Robert H. Eckel, MD, FAHA, FACC, FNLA, outlines common cardiovascular risks in prostate cancer patients on androgen deprivation therapy (ADT). Dr. Eckel launches his talk by explaining the most common non-prostate cancer cause of death in men with metastatic prostate cancer is cardiovascular disease (CVD).

Dr. Eckel points out the potential molecular connections between CVD and prostate cancer. He illustrates tissue-specific effects in terms of adverse cardiovascular consequences of various ADTs.
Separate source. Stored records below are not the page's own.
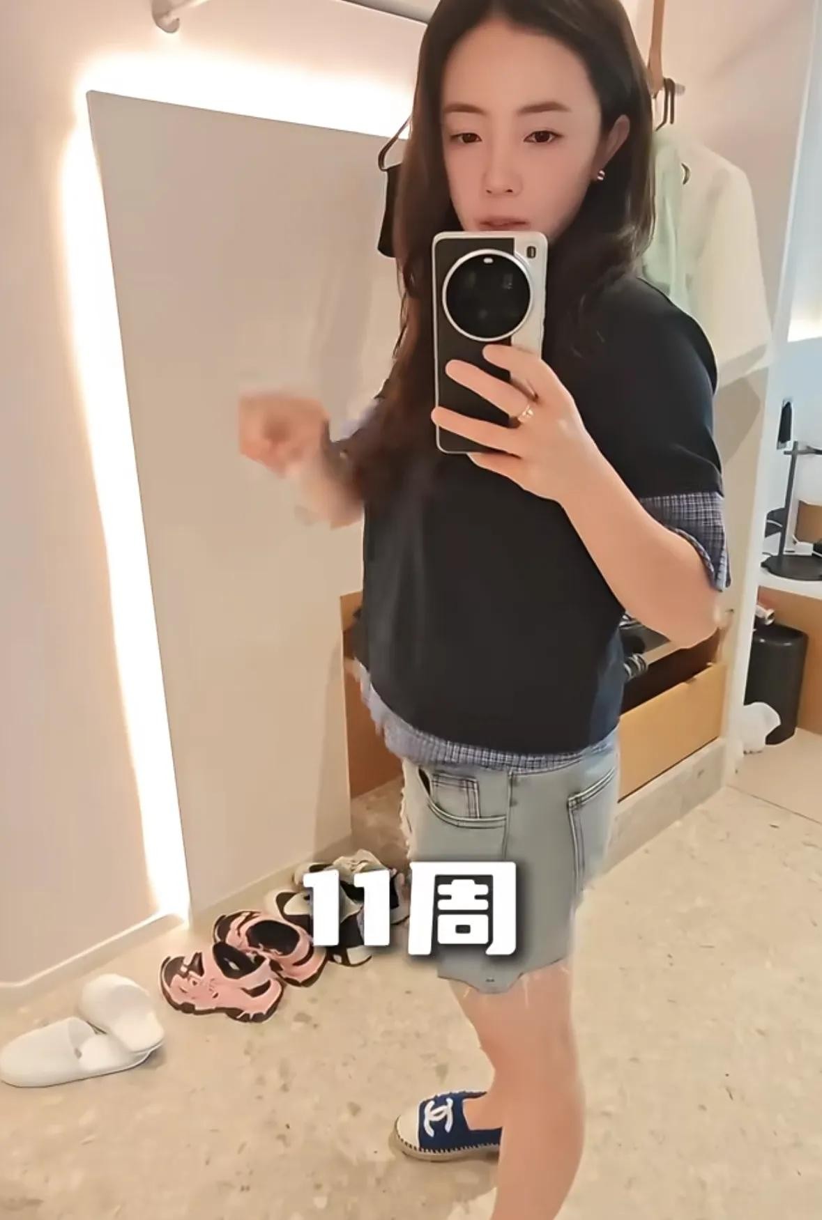 8周的时候还看不出来,只不过田志希看着憔悴了很多,到了11周,就开始有了小肚子。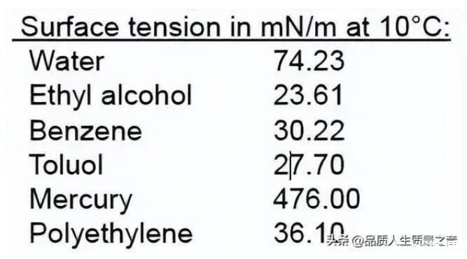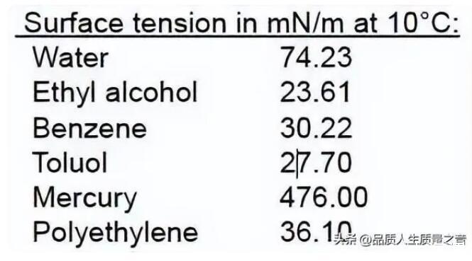 比如下面表格在10攝氏度時(shí)不同液體的表面張力差異很大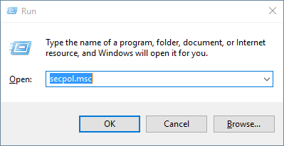 1. Press Windows key + R to open the Run box. Type secpol.msc and hit Enter.

Dr. Eckel displays data on adjusted hazard ratios of cardiovascular events in prostate cancer patients with and without ADT exposure and points out ADT increases risk of heart failure in men without preexisting CVD. He points out chemotherapy and immunotherapy are also associated with increased CVD risk and shares a science advisory on ADT and CVD risk, outlining factors to examine such as obesity, serum lipids, insulin sensitivity, blood pressure, waist-hip ratio, and C-reactive protein.

Dr. Eckel explains there is no formalized approach for identification or stratification of cardiovascular risk or tools to reduce risk. He describes a multidisciplinary panel tasked with considering the challenges in managing cardiovascular risk in men with prostate cancer on ADT.

Dr. Eckel summarizes the panel’s recommendation of an assessment tool that identifies CVD risks for men with prostate cancer, which can be exacerbated by treatment. He explains that urologic oncology providers comfortable managing CVD risk factors are empowered to do so and highlights the importance of communication and the “village” of providers (e.g. cardiologists, PCPs, etc.) who may be involved in comprehensive care. He emphasizes these risks are not static and reassessment and follow-up must be ongoing.